Hopkins—Jesuit priest, classics professor—is, as W. H. Gardner wrote, ‘a religious, not merely a devotional, poet. Religion, for him, was the total reaction of the whole man to the whole of life’ (‘Introduction’ to Poems, xxxv). A good many of his poems are addressed directly and vividly to God, as in the first stanza of the first major poem, ‘The Wreck of the Deutschland’:

Thou mastering me
God! giver of breath and bread
World’s strand, sway of the sea;
Lord of living and dead
Thou has bound bones and veins in me, fastened me flesh,
And after it almost unmade, what with dread,
Thy doing: and dost thou touch me afresh?
Over again I feel thy finger and find thee.

‘The Windhover’ is dedicated ‘To Christ our Lord’, ‘Pied Beauty’ begins: ‘Glory be to God for dappled things’, ‘The Loss of the Eurydice’ is addressed ‘O Lord’ and a late sonnet begins: ‘Thou art indeed just, Lord, if I contend/ With thee’. The ‘terrible sonnets’, evidence of great stress, even ‘desolation’, also centrally concern his relationship with God:

I am gall, I am heartburn. God’s most deep decree
Bitter would have me taste: my taste was me;
Bones built in me, flesh filled, blood brimmed the curse.[7]


Religious themes featured early in Sayers’ writing life and became more central later, in her many plays and her translation of Dante’s Divine Comedy. This rector’s daughter may have had both father and rectory in mind when she wrote The Nine Tailors. Mr Venables is scholarly, very amiable and extremely absent-minded, and Lord Peter Wimsey comes to regard him with affection and respect. Could Sayers have felt that the line she omitted from Hopkins’ poem might have seemed blasphemous to some readers, an issue further complicated by its occurring in her hero’s thoughts? At one point, Wimsey is confronted by a visiting card on a wreath, purporting to be from him but actually supplied by his manservant Bunter (who had been Sergeant to Major Wimsey in the First World War). The card includes a biblical reference, Luke xii, 6. ‘“Very appropriate,” said his lordship, identifying the text after a little thought (for he had been carefully brought up)’ (The Nine Tailors, 133). It’s probably safe to assume that Sayers too had been ‘carefully brought up’ in that respect.


Notes

[1] A. S. Byatt, Medusa’s Ankles: Selected Stories (London: Vintage, 2023), 37. Her Ragnarok: The End of the Gods was published in 2011.

[2] Quoted in a note to the epigraph of ‘Gerontion’, in The Poems of T. S. Eliot.
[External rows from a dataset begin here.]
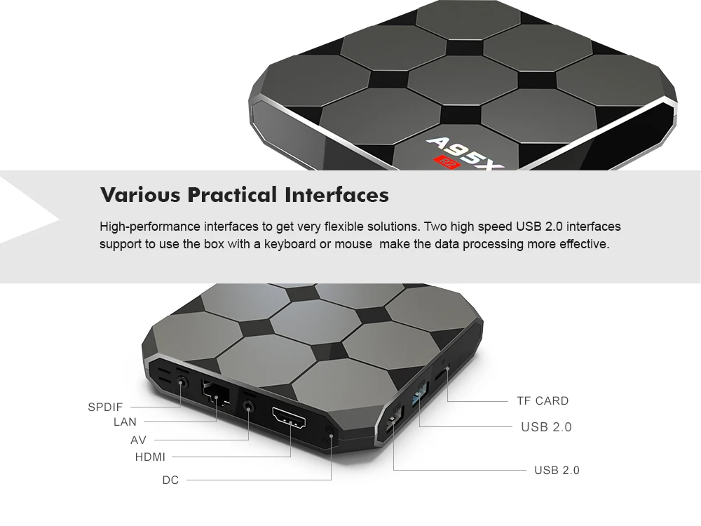 A95X R2 Android ТВ коробка 2018 новые экономически эффективным чип Smart S905W, поставляется с quad-core Cortex-A53 Процессор до 2 ГГц и Мали-450 GPU. Высокая эффективность, высокая интеграция, низкое потребление энергии. Он работает на Android 7,1, который имеет хорошую работу. Вы можете подключиться к миру контента и развлечений дома. Плавно смотреть телепередачи, фильмы, просмотр веб-страниц и фотографий, а также играть в игры на Android с семьей и друзьями. Это лучший выбор для вас, чтобы иметь Гладкий опыт, чтобы смотреть видео или играть в игры.
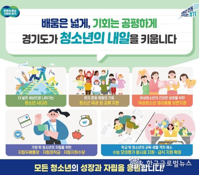 (한국글로벌뉴스 - 박소연 기자) 경기도가 청소년의 건강한 성장과 배움 기회, 생활 안정을 위해 급식, 학습·진로·자립 지원까지 아우르는 다양한 정책을 추진한다.
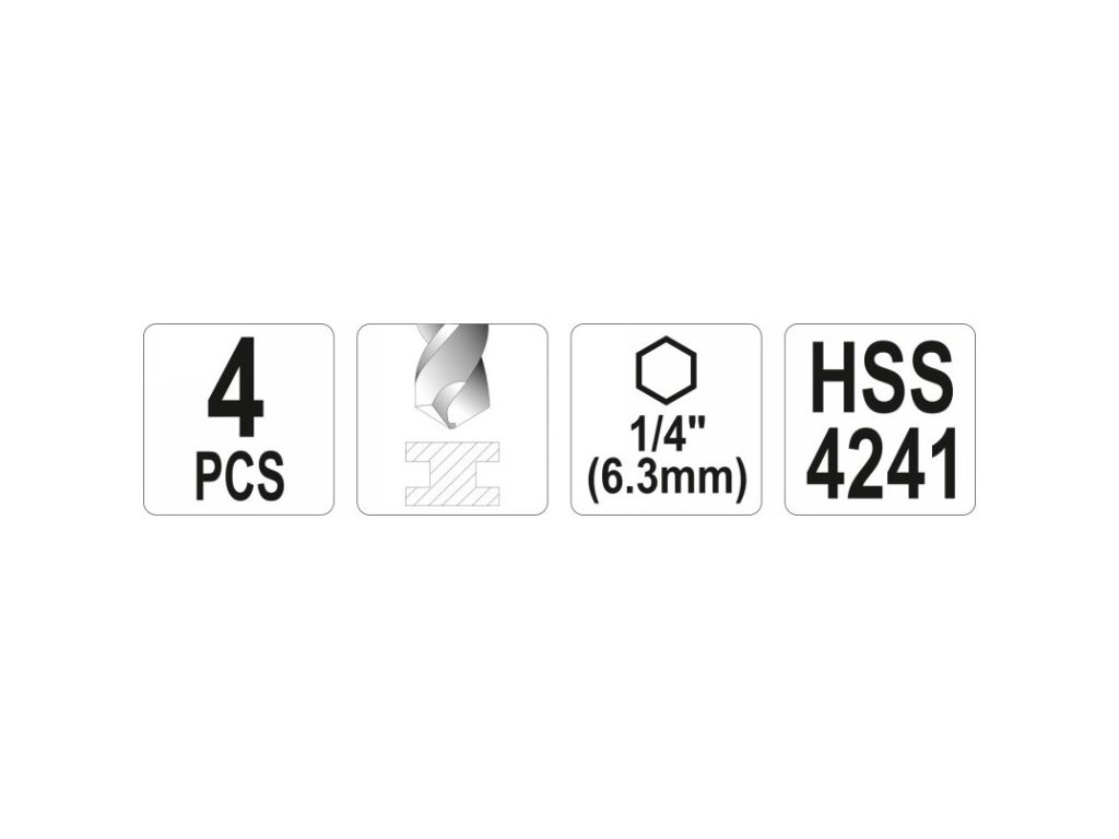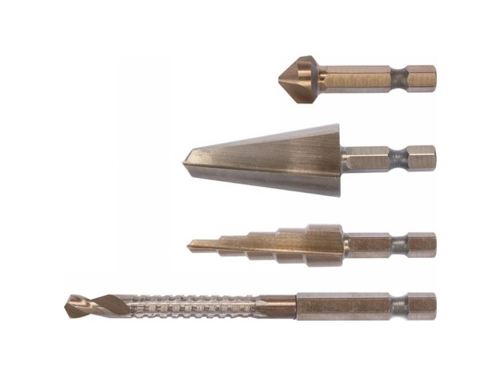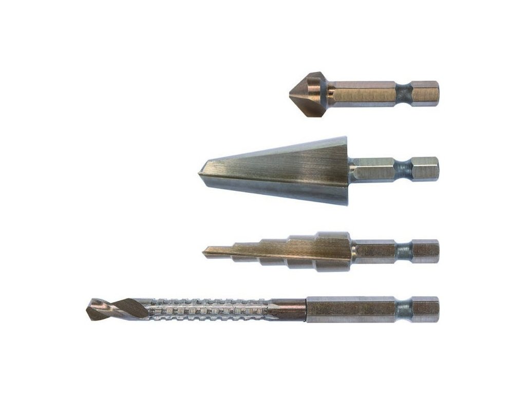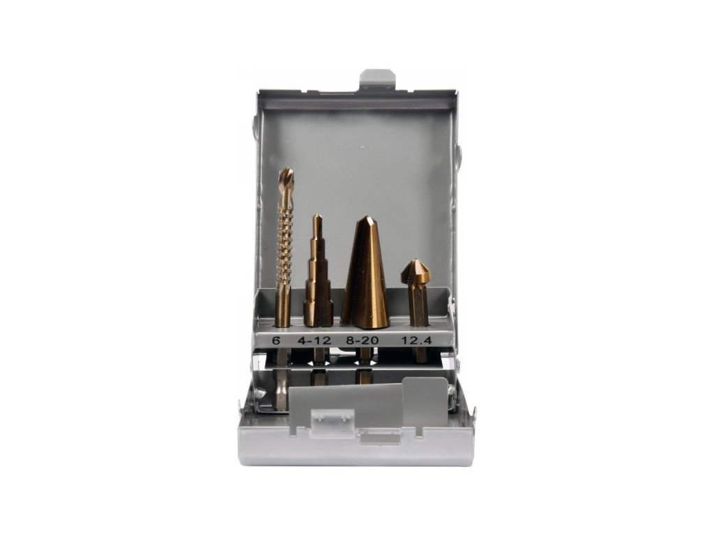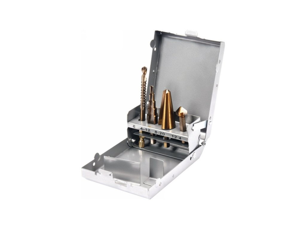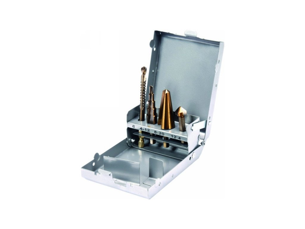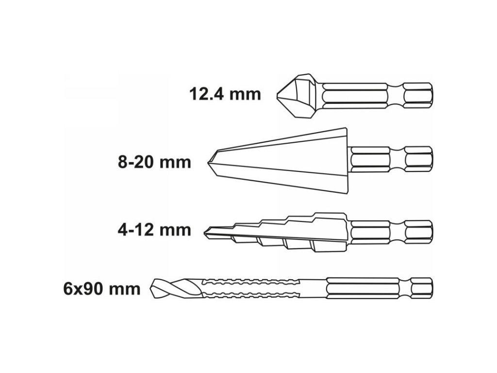 • materiál: nástrojová oceľ HSS 4241 • stopka frézovacieho vrtáku: 6 x 90 mm • vrták so stupňovitou doskou: 4-12 mm • vrták do dosky: 8-20 mm • kužeľový záhlbník: 12,4 mm

Volume I: Collected and Uncollected Poems, edited by Christopher Ricks and Jim McCue (London: Faber & Faber, 2015), 469.

[3] Paul Skinner, ‘Just Ford – an Appreciation of No Enemy: A Tale of Reconstruction’, Agenda, edited by Max Saunders, 27, 4/ 28, 1 (Winter 1989/ Spring 1990), 103-109 (105).
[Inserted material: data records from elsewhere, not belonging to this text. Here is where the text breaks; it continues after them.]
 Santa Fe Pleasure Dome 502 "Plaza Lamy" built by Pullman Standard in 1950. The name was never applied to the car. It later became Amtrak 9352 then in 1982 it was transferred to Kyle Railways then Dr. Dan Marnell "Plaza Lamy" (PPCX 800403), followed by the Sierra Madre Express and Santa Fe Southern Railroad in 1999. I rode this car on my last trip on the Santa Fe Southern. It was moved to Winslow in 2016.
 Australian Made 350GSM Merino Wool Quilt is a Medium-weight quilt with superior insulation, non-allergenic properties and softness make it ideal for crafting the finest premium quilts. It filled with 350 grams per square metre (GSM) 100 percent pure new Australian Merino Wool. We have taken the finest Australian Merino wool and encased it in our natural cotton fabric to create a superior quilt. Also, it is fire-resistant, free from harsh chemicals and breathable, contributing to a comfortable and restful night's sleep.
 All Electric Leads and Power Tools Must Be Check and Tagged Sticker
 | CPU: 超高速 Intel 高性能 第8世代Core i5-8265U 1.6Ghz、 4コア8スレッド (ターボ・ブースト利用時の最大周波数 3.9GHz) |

[4] Poems of Gerard Manley Hopkins, Fourth edition, revised and enlarged, edited by W. H. Gardner and N. H. Mackenzie (London: Oxford University Press, 1967), 105-106. These are the last lines of the poem.
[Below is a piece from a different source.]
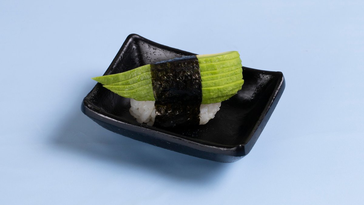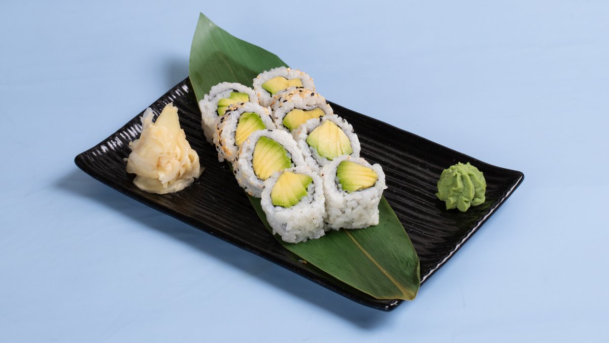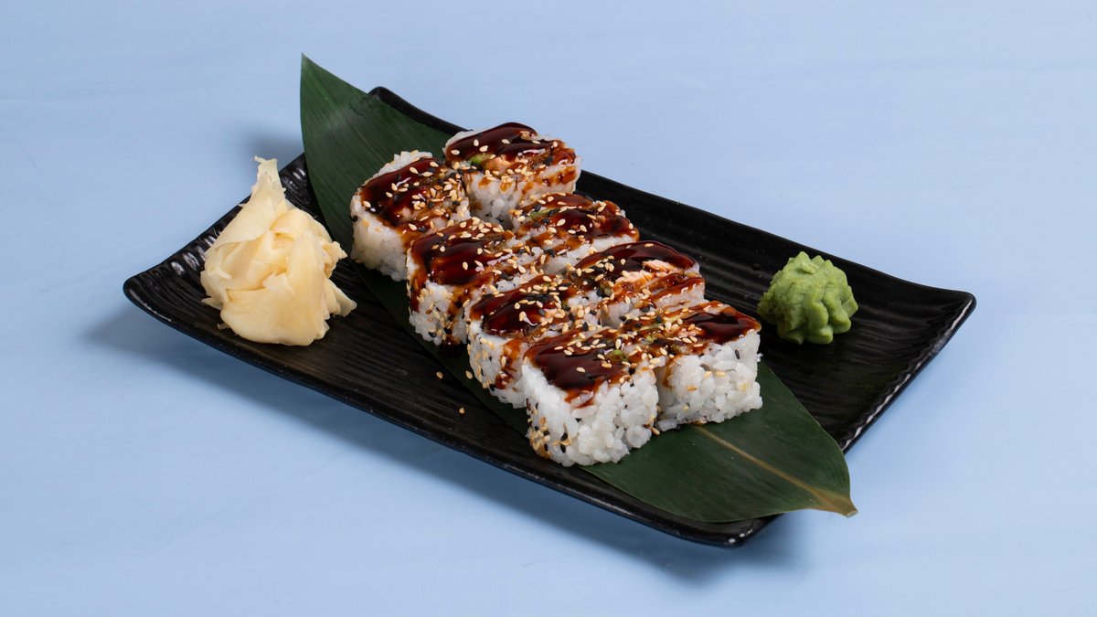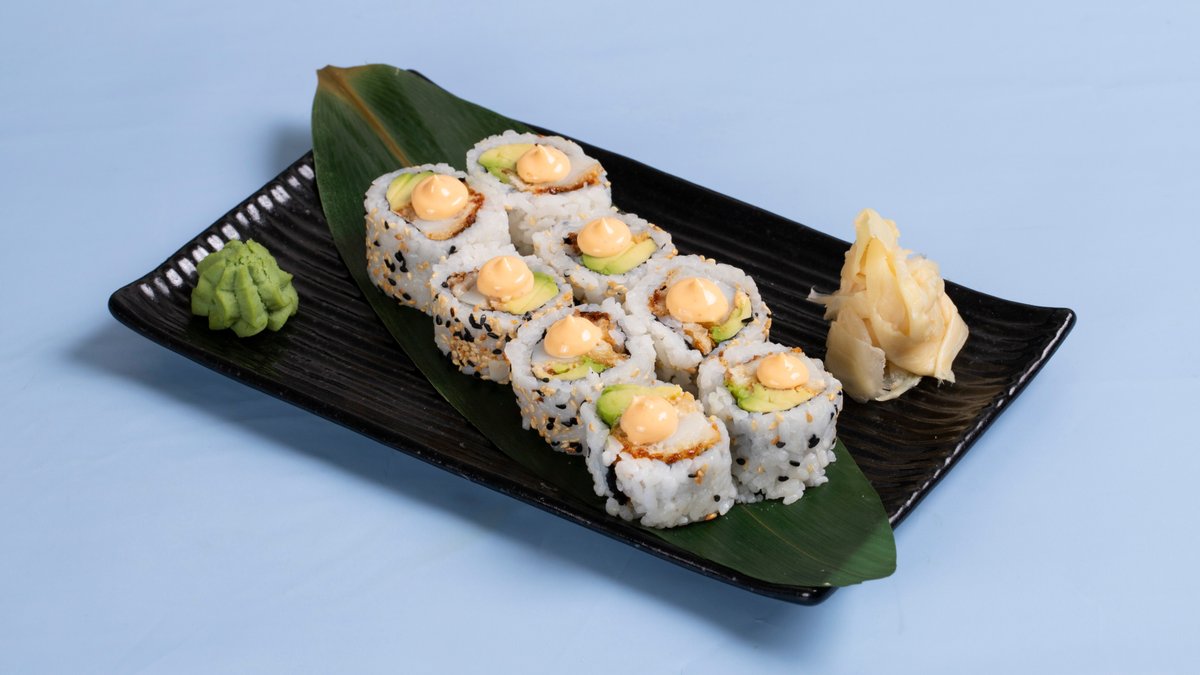 8 biter Fritert vegetar maki rull med forkjellig valg sammen med avocado. chilimajones og teriyaki oppå

[5] The Nine Tailors (1934; with an introduction by Elizabeth George, London: New English Library, 2003), 122. Davenport’s enthusiasm (he writes the title as The Nine Taylors) is expressed in a letter to Hugh Kenner, 10 April 1967: Questioning Minds: The Letters of Guy Davenport and Hugh Kenner, edited by Edward M. Burns, two volumes (Berkeley: Counterpoint Press, 2018), II, 888.

[6] The Letters of Gerard Manley Hopkins to Robert Bridges, edited by Claude Colleer Abbott (Oxford: Oxford University Press, 1955), 291.

[7] ‘I wake and feel the fell of dark’, Poems, 101.